The Smithsonian says its Rural Initiative is aimed at rural America and is meant to expand programming and resources where need is greatest. The institution has also said it already hosts more than 1,500 student interns across its museums, research centers, offices and the National Zoo, which makes the rural class a selective addition rather than a routine internship track. Andy Mink has led the initiative as founding director since 2023.

The Smithsonian’s rural push comes against a backdrop it says includes workforce development, capital access, infrastructure, health, land use, environment and community preservation challenges. The institution has said 82% of rural cultural organizations have annual budgets under $25,000, a figure that helps explain why it is trying to collaborate strategically with organizations around the country and reach communities that often have less institutional support than larger cities.

Ackerman’s path fits that mission closely. The University of Montana described her in 2024 as the Distinguished Young Woman of Montana and said she planned to pursue biology with hopes of teaching in schools or other educational settings. Helena Public Schools listed her among Helena High School’s distinguished students and National Honor Society inductees, and also named her an AP Scholar with Honor in 2023. Her biology major with a concentration in education suggests a career that could bridge science communication, teaching and public engagement.

AI-generated illustration
AI-generated illustration

For Helena and Lewis and Clark County, the selection is more than a personal milestone. It shows that a student from a smaller capital city can compete for a national cultural institution’s first rural cohort, and it raises a larger question about whether programs like this help rural communities build career pipelines or simply export top talent. First Interstate Bank, which is tied to the internship, says the goal is for ten rural students to gain real-world experience, build networks and bring what they learn back home.
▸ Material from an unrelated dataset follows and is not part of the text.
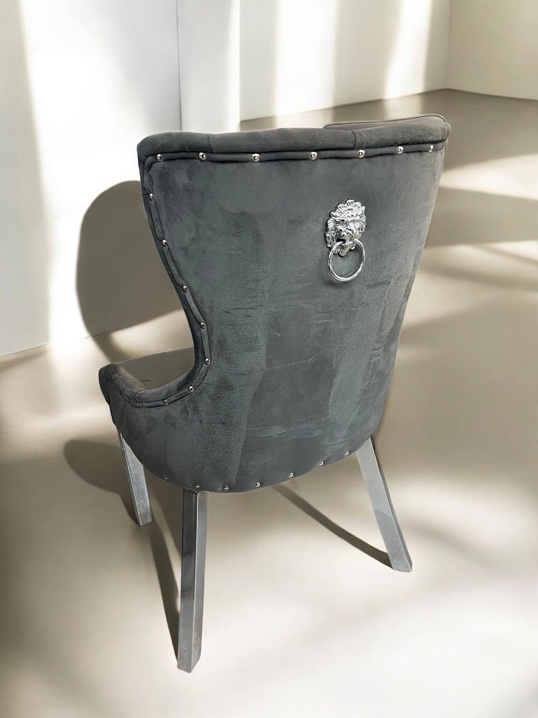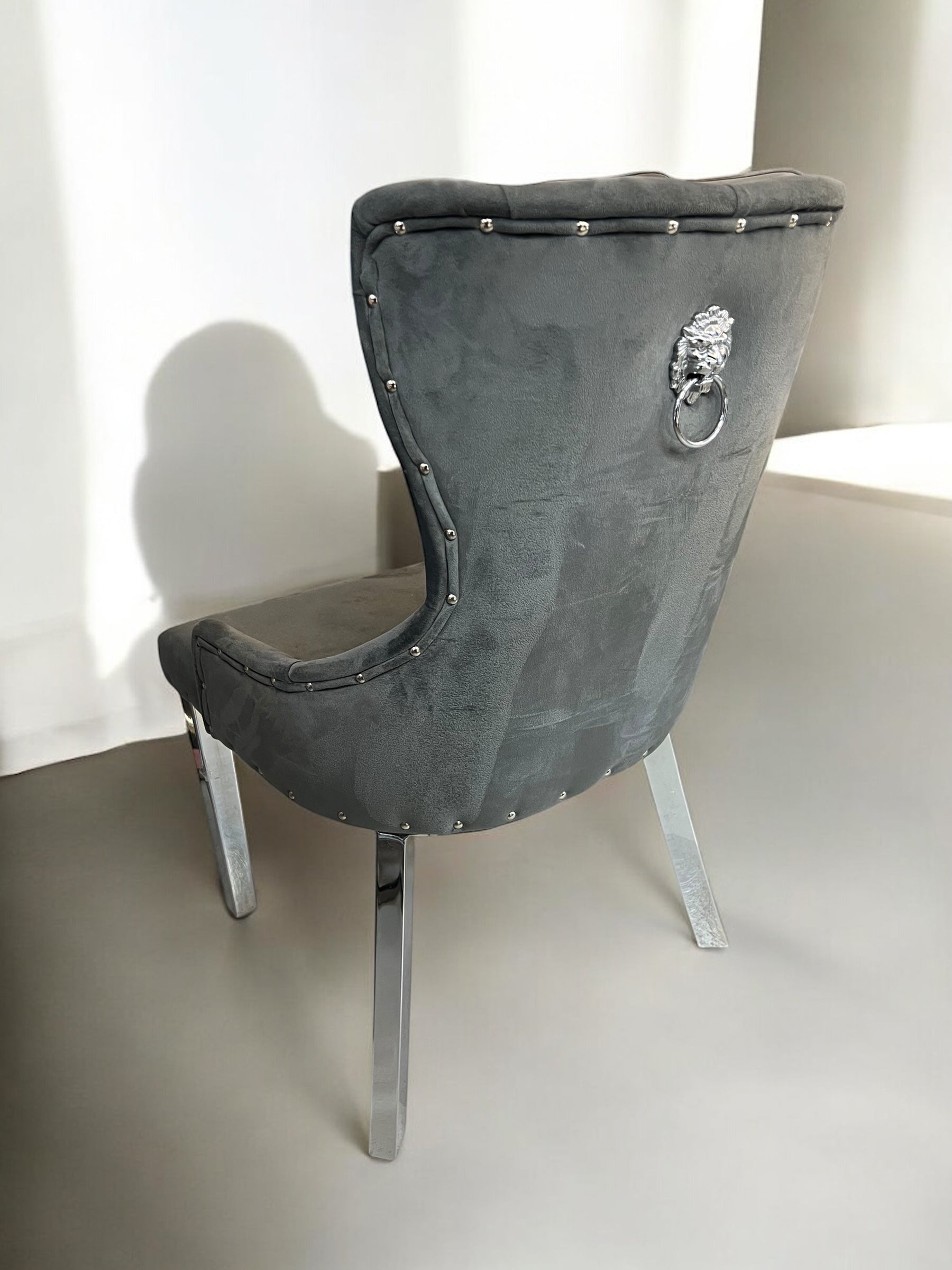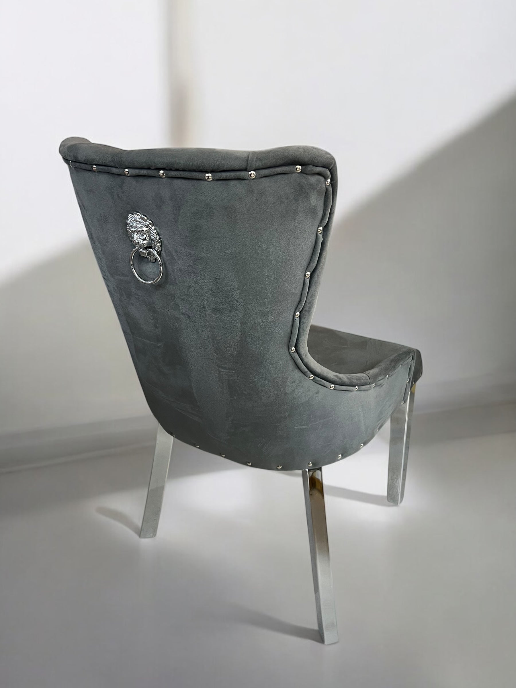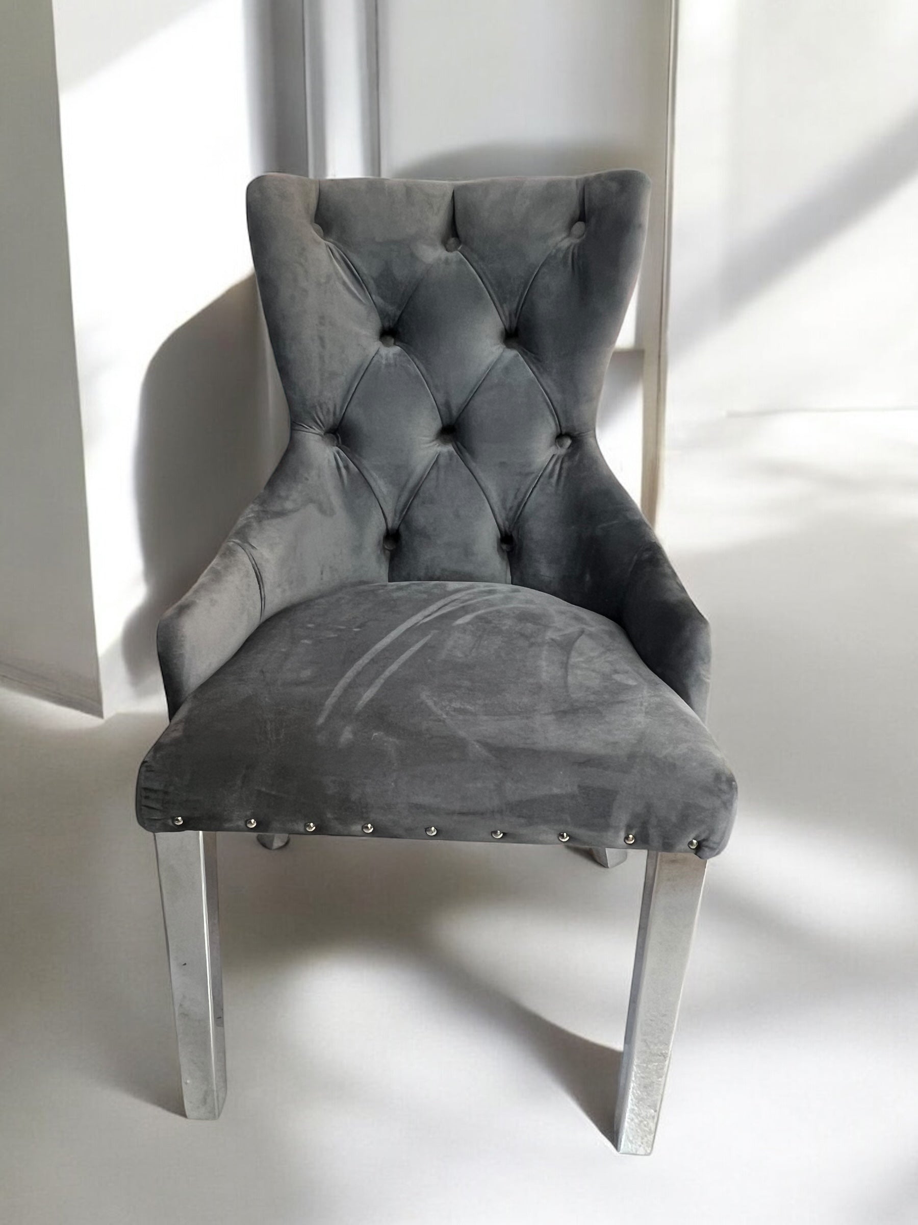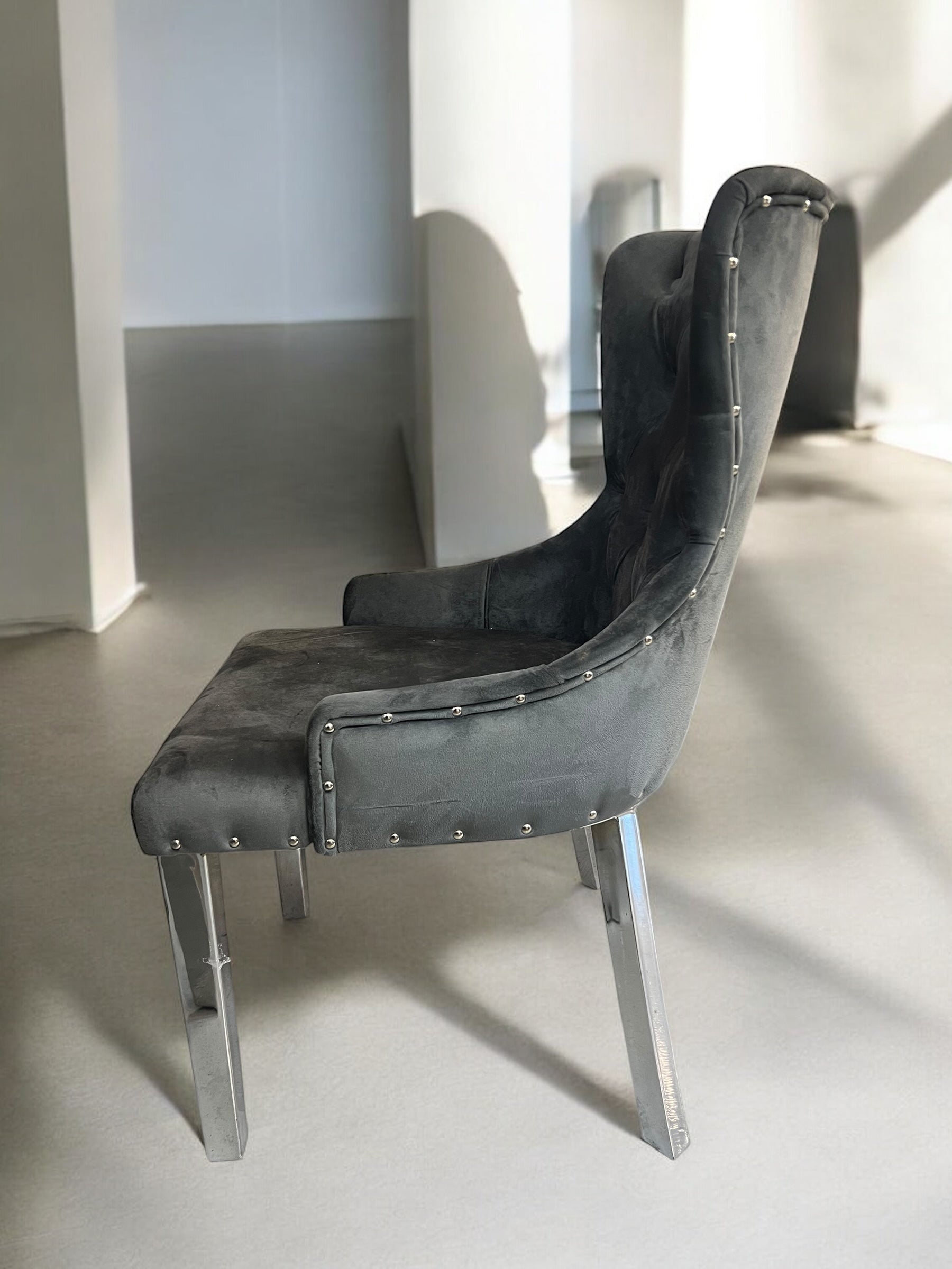 Cadeira de jantar BABYFACEV37 em veludo cinza escuro com pernas em metal prateado

Students in Helena who want similar opportunities can start by building a strong academic record, seeking leadership roles and looking for programs that connect school, service and a clear field of study. Ackerman’s record at Helena High and the University of Montana shows that national openings often go to students who combine achievement with a defined career direction, not just those who wait for an opportunity to appear.

This article was produced by Prism’s automated news system from verified source data, official records, and press releases, then run through automated quality and moderation checks before publishing. The system is built and supervised by the people who set the standards it runs under. Read our full AI policy.